Я пошла в магазин, перекинув гамачок с Маришкой как перевязь. С пятого этажа в доме без лифта. Ребенок в одной руке, сумка в другой. Новорожденного ребенка не берут с собой в толпу, но разве я могла доверить ее мужу? А няня мне не полагалась. На няню требовались деньги. Отец был согласен оплачивать няню, если я вернусь домой. Я осталась. Я шла по ступенькам, пытаясь унять, успокоить свое сердце, а мой муж отдыхал от тяжелой дороги. Ему хотелось есть, но не хотелось добывать мамонта. Он ждал, когда его принесут.
Я зашла в супермаркет, прошлась по нижнему этажу и выбрала продукты. Если бы не нужно было кормить Маришку, я бы еще не скоро вернулась.
Я кормила своего детеныша, он таращил на меня свои умные глаза и бил ладошкой по груди. Все было о'кей. Детеныш со мной соглашался. Я легла на кровать, положив Маришку на грудь, и закрыла глаза. Была еще только первая половина дня, а я уже устала до безумия. Так устала, что захотелось домой. До слез.
— Я поджарил яичницу. Будешь? — спросил мой муж.
— Я посплю, — ответила я. — У меня нет сил даже есть.
Это была чистейшая правда. Зачем я загоняла себя? Кому и чего я доказывала? Надо уйти домой. Было бы легче. Хотя бы немного. У меня из глаз потекли два ручейка слез, я с ними так и заснула.

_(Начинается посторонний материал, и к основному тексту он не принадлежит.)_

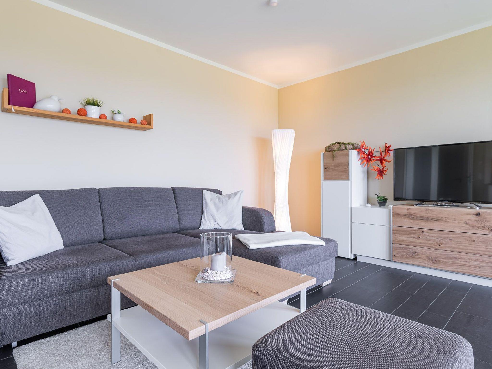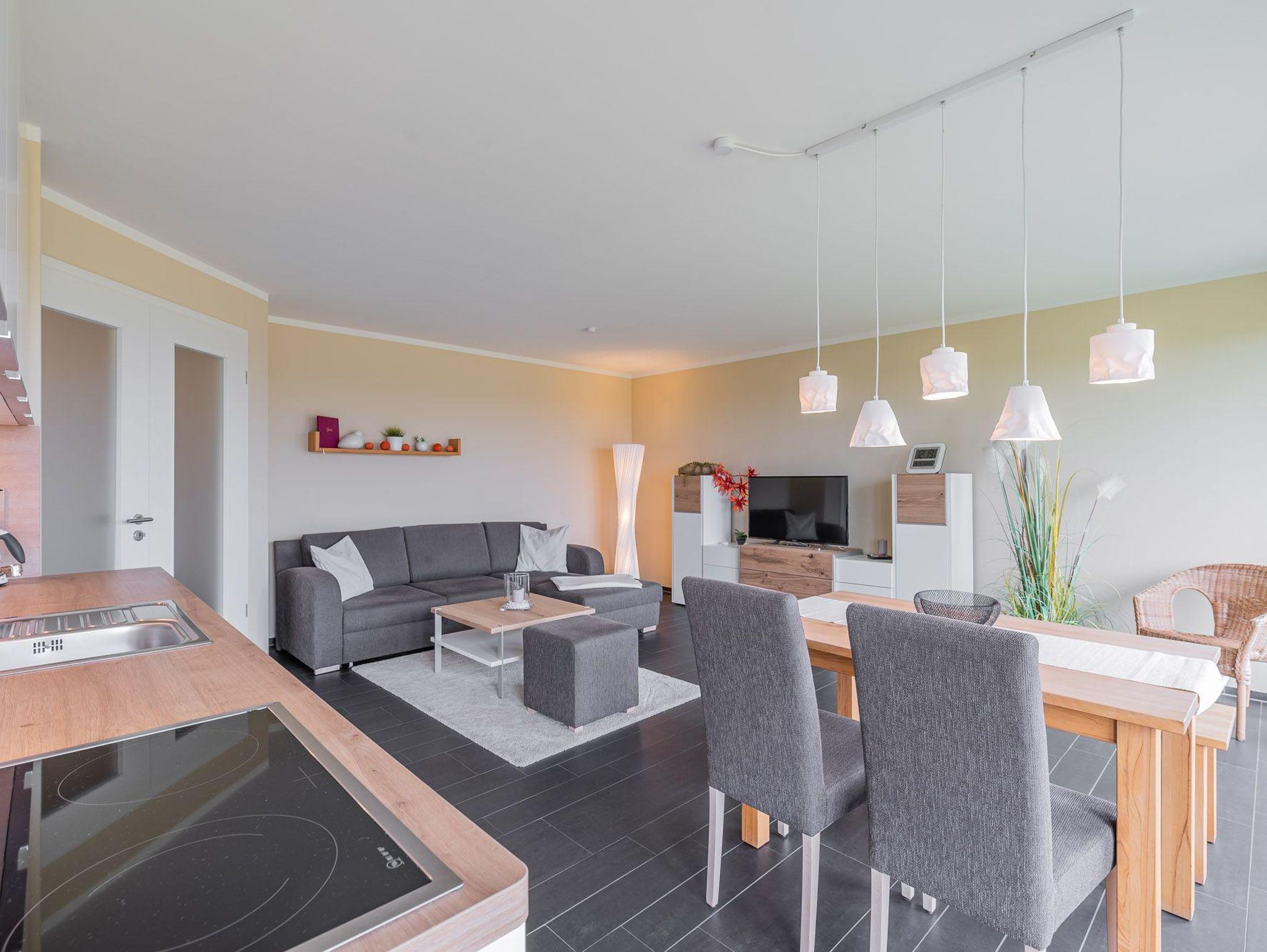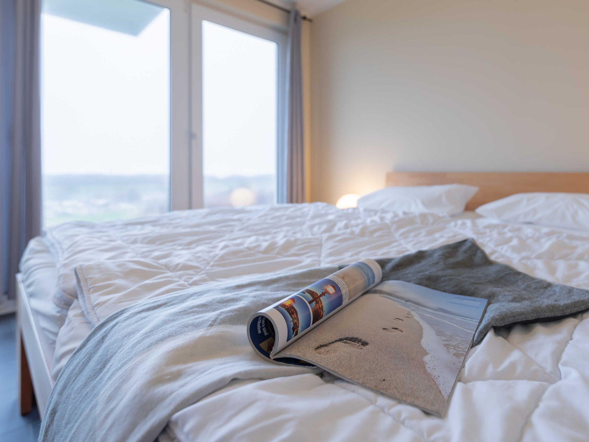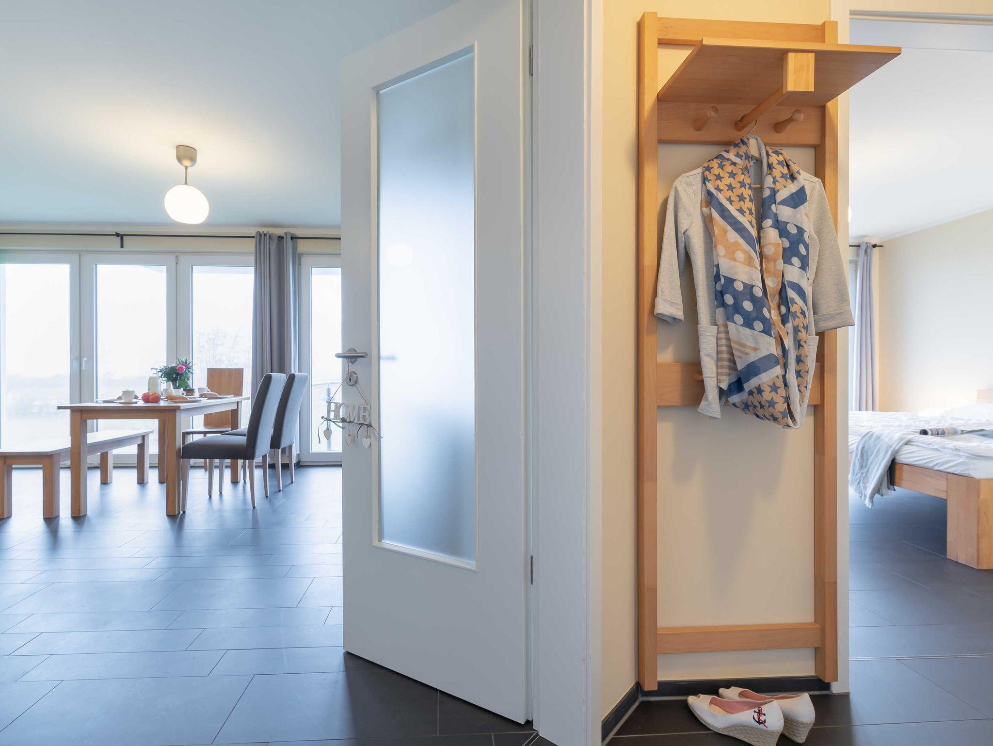 Im Flur der Ferienwohnung befindet sich genügend Platz für die Ablage von Strandutensilien. Der gemütliche Couchbereich (ausziehbar 1,6 x 2,0 m) mit Fernseher im offenen Wohn- und Kochbereich lädt zu erholsamen Abenden und zum Träumen mit Blick auf den Deich ein. Die offene Küche mit großzügigem Essbereich, ist komfortabel ausgestattet für kleine Kochabende. Geschirrspüler und verschiedenes Koch- und Esszubehör sind vorhanden. Der kleine Balkon in Nordausrichtung ist perfekt für das Frühstücken im Sommer geeignet. Das Schlafzimmer besitzt ein großes Bett (2,0 x 1,8 m / getrennte Matratzen) und einen geräumigen Kleiderschrank. In dem modernen Badezimmer befinden sich eine ebene Dusche sowie ein großer Spiegel und ein Haartrockner für die perfekte Föhnwelle.

Я проснулась сама, на кормление ребенка мой организм завел биологические часы. Покормила и уложила спать. На прощание она поболтала ногами и руками в воздухе. Я рассмеялась и расцеловала ее розовые пятки. Одна была вкуснее другой. И пошла готовить еду. Зачем я ее выбросила? Все равно без толку.
— Я не понял, — тихо сказал мой муж. — Ты меня что, простить не можешь за то, что уехал? Зачем тогда согласилась? Я бы не поехал. И весь разговор!
Трепетную лань сменил бешеный бык. А я была разбита. Совсем расклеилась. Мои ожидания тоже не оправдались. Ни в чем. Абсолютно. Мне незачем было здесь оставаться. Я устала, мне требовалась помощь. Любая. А меня донимал навязчивый, самодовольный, бешеный бык. Тупая, бесчувственная сволочь!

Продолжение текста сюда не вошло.